#  MSCA 37011 - Deep Learning and Image Recognition

## Markov Chain and  Marov Property##

*The Markov property states that given the present, the future is conditionally independent of the past.*

source: https://mpatacchiola.github.io/blog/2016/12/09/dissecting-reinforcement-learning.html

Let’s suppose we have a chain with only two states $s_0$ and $s_1$, where $s_0$ is the initial state. The process is in $s_0$ 90% of the time and it can move to $s_1$ the remaining 10% of the time. When the process is in state $s_1$ it will remain there 50% of the time. 

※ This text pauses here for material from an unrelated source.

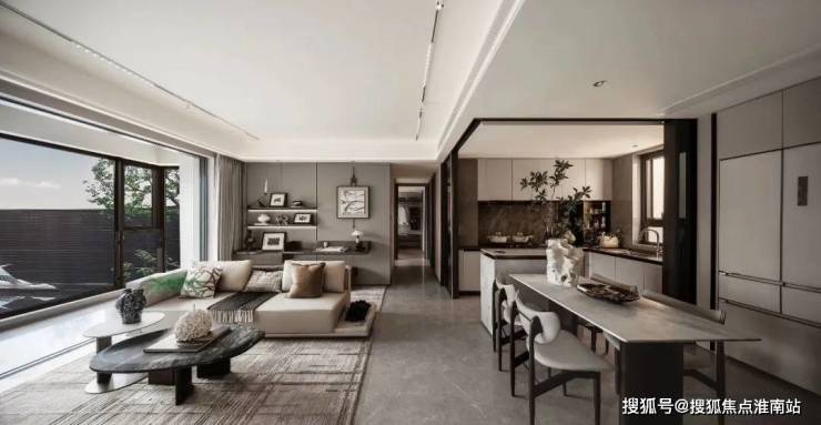 超过5m的南向宽景阳台,全景落地窗的搭配,观景视野开阔!值得一提的是,从客厅到阳台,地面都是通铺的仿石砖大规格柔光砖,真正实现空间一体化。

Given this data we can create a Transition Matrix *T* as follows:
    
$$
T=\left(\begin{array}{cc} 
0.90 & 0.10\\
0.50 & 0.50
\end{array}\right)
$$ 

The transition matrix is always a square matrix, and since we are dealing with probability distributions all the entries are within 0 and 1 and a single row sums to 1. 

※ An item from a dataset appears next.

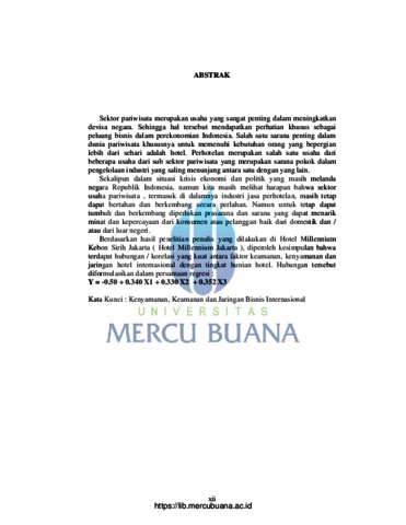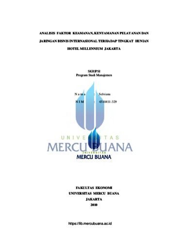 Selviana, Selviana (2010) ANALISIS AKTOR KEAMANAN, KENYAMANAN PELAYANAN DAN JARINGAN BISNIS INTERNASIONAL TERHADAP TINGKAT HUNIAN HOTEL MILENNIUM JAKARTA. S1 thesis, Universitas Mercu Buana.

We can compute the k-step transition probability as the k-th power of the transition matrix:

In [3]:
import numpy as np

#Declaring the Transition Matrix T
T = np.array([[0.90, 0.10],
              [0.50, 0.50]])

#Obtaining T after 3 steps
T_3 = np.linalg.matrix_power(T, 3)
#Obtaining T after 50 steps
T_50 = np.linalg.matrix_power(T, 50)
#Obtaining T after 100 steps
T_100 = np.linalg.matrix_power(T, 100)

#Printing the matrices
print("T: " + str(T))
print("T_3: " + str(T_3))
print("T_50: " + str(T_50))
print("T_100: " + str(T_100))


T: [[0.9 0.1]
 [0.5 0.5]]
T_3: [[0.844 0.156]
 [0.78  0.22 ]]
T_50: [[0.83333333 0.16666667]
 [0.83333333 0.16666667]]
T_100: [[0.83333333 0.16666667]
 [0.83333333 0.16666667]]


Now we define the initial distribution which represent the state of the system at k=0. Our system is composed of two states and we can model the initial distribution as a vector with two elements, the first element of the vector represents the probability of staying in the state $s_0$ and the second element the probability of staying in state $s_1$. Let’s suppose that we start from $s_0$, the vector $\mathbf{v}$ representing the initial distribution will have this form:

$$\mathbf{v} = (1, 0)$$

We can calculate the probability of being in a specific state after k iterations multiplying the initial distribution and the transition matrix: $\mathbf{v} \cdot T^{k}$. 

Let’s do it in Numpy:

In [4]:
#Declaring the initial distribution
v = np.array([[1.0, 0.0]])

#Printing the initial distribution
print("v: " + str(v))
print("v_1: " + str(np.dot(v,T)))
print("v_3: " + str(np.dot(v,T_3)))
print("v_50: " + str(np.dot(v,T_50)))
print("v_100: " + str(np.dot(v,T_100)))


v: [[1. 0.]]
v_1: [[0.9 0.1]]
v_3: [[0.844 0.156]]
v_50: [[0.83333333 0.16666667]]
v_100: [[0.83333333 0.16666667]]


The possibility to be in $s_0$ at k=3 is given by (0.729 + 0.045 + 0.045 + 0.025) which is equal to 0.844 we got the same result. Now let’s suppose that at the beginning we have some uncertainty about the starting state of our process, let’s define another starting vector as follows :
$$\mathbf{v}=(0.5,0.5)$$

In [6]:
#Declaring the initial distribution
v = np.array([[0.5, 0.5]])

#Printing the initial distribution
print("v: " + str(v))
print("v_1: " + str(np.dot(v,T)))
print("v_3: " + str(np.dot(v,T_3)))
print("v_50: " + str(np.dot(v,T_50)))
print("v_100: " + str(np.dot(v,T_100)))

v: [[0.5 0.5]]
v_1: [[0.7 0.3]]
v_3: [[0.812 0.188]]
v_50: [[0.83333333 0.16666667]]
v_100: [[0.83333333 0.16666667]]


**What is happening in the long run?** 

The result after 50 and 100 iterations are the same and v_50 is equal to v_100 no matter which starting distribution we have. The chain **converged to equilibrium** meaning that as the time progresses it forgets about the starting distribution.

But we have to be careful, the convergence is not always guaranteed. The dynamics of a Markov chain can be very complex, in particular it is possible to have transient and recurrent states.